概要
- 米大統領とFRB議長の対立の中で、ビットコインが株式・ドルに対して相対的に堅調だったと伝えた。
- 市場では、ビットコインを制度金融の不確実性の中での安全資産需要、ならびにヘッジ手段と解釈していると述べた。
- 中央銀行の独立性に対する政治的攻撃が、投資家心理と通貨への信認を損ない得るとの警戒が提起されたと伝えた。

米大統領と連邦準備制度理事会(FRB)議長の対立が激化する中、ビットコイン(BTC)は株式・ドルとは異なる値動きを見せ、相対的な強さを示した。
12日(香港時間)、コインデスクによると、ビットコイン(BTC)は前日比約1%高の9万2000ドル近辺で取引された。ただし、先週形成された8万9000〜9万5000ドルのレンジは抜け出せなかった。
同時刻の米金融市場は軟調だった。ナスダック先物は0.8%、S&P500先物は0.5%下落し、ドル指数は先週高値の99.26から99.00まで低下した。通常、ビットコインはナスダックと高い相関を示してきたことを踏まえると、今回の価格動向は例外的だとの見方が出ている。
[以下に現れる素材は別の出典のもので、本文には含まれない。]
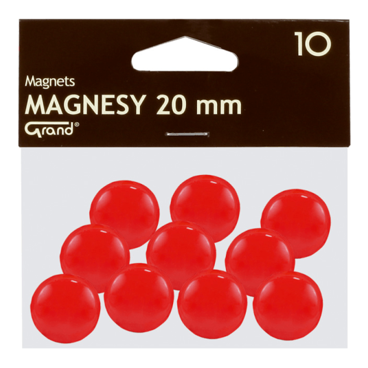 Punkty magnetyczne GRAND o średnicy 20 mm to praktyczne i estetyczne akcesoria, które idealnie sprawdzają się do przypinania kartek, planów, ogłoszeń czy zdjęć na tablicach oraz metalowych powierzchniach. Solidna plastikowa obudowa ułatwia chwytanie, a intensywny czerwony kolor świetnie wyróżnia zaznaczone elementy.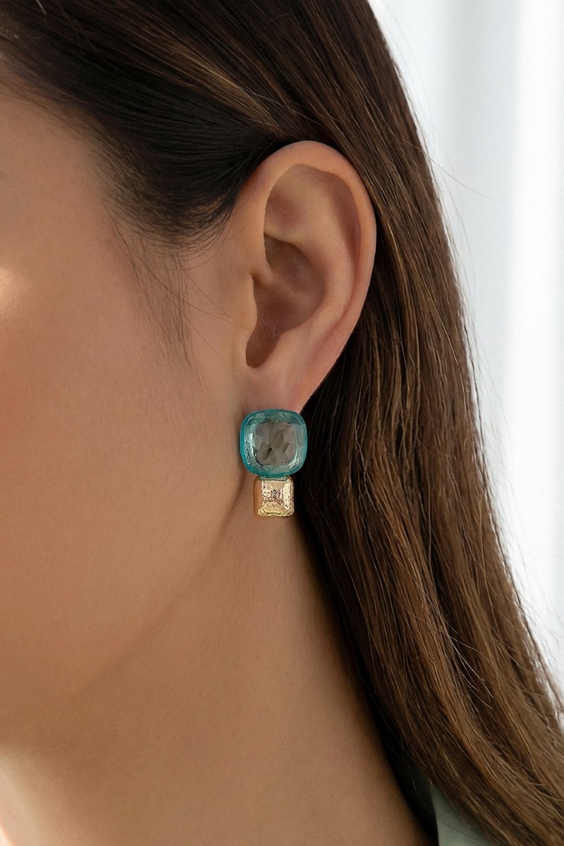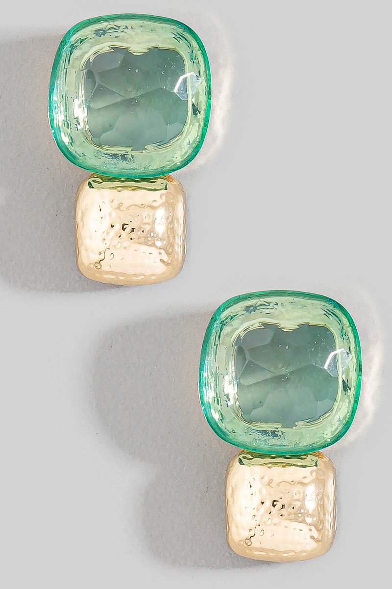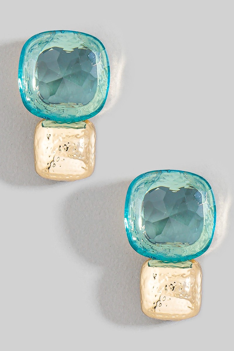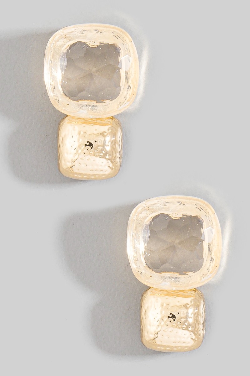- This pair of drop earrings showcases a unique clear square stone style. Celebrate individual style with this versatile, eye-catching addition.

市場では、ビットコインに対する「安全資産」需要が一部流入したシグナルと解釈されている。ドナルド・トランプ大統領とジェローム・パウエルFRB議長の対立が深まり、制度金融システムを巡る不確実性が高まっているためだ。ビットコイン支持者は長年、ビットコインを反体制的資産であり、財政・金融政策リスクに対するヘッジ手段と評価してきた。同日、伝統的な安全資産である金価格は1オンス当たり4600ドルまで上昇し、過去最高値を更新した。
両者の緊張は週末を挟んで一段と高まった。パウエル議長は「トランプ政権がFRB本部の改修を巡り、自身を刑事起訴すると脅した」と述べ、「利下げを迫るための政治的試みだ」と主張した。トランプ大統領は、FRBが金利を十分に積極的に引き下げていないとして、パウエル議長を繰り返し批判してきた。
トランプ大統領は政策金利を1%以下に引き下げるべきだとの立場を公然と示してきたが、FRBは先月、政策金利を25bp引き下げて3.5%に調整した後、当面は据え置き姿勢を維持すると見込まれている。予測市場でも、パウエル議長が任期満了(今年5月)前に早期退任する可能性は低いと織り込まれている。
もっとも、市場では、中央銀行の独立性に対する繰り返しの政治的攻撃が、インフレが完全に解消されていない状況下で投資家心理を損ない、通貨への信認を弱めかねない点が警戒されている。トルコでレジェップ・タイイップ・エルドアン大統領の中央銀行介入後にリラの価値が急落した事例が警鐘として挙げられる。ただし、ドルが世界の基軸通貨であることを踏まえれば、米国の通貨システムが短期間で深刻な崩壊に至る可能性は限定的だとの見方が優勢だ。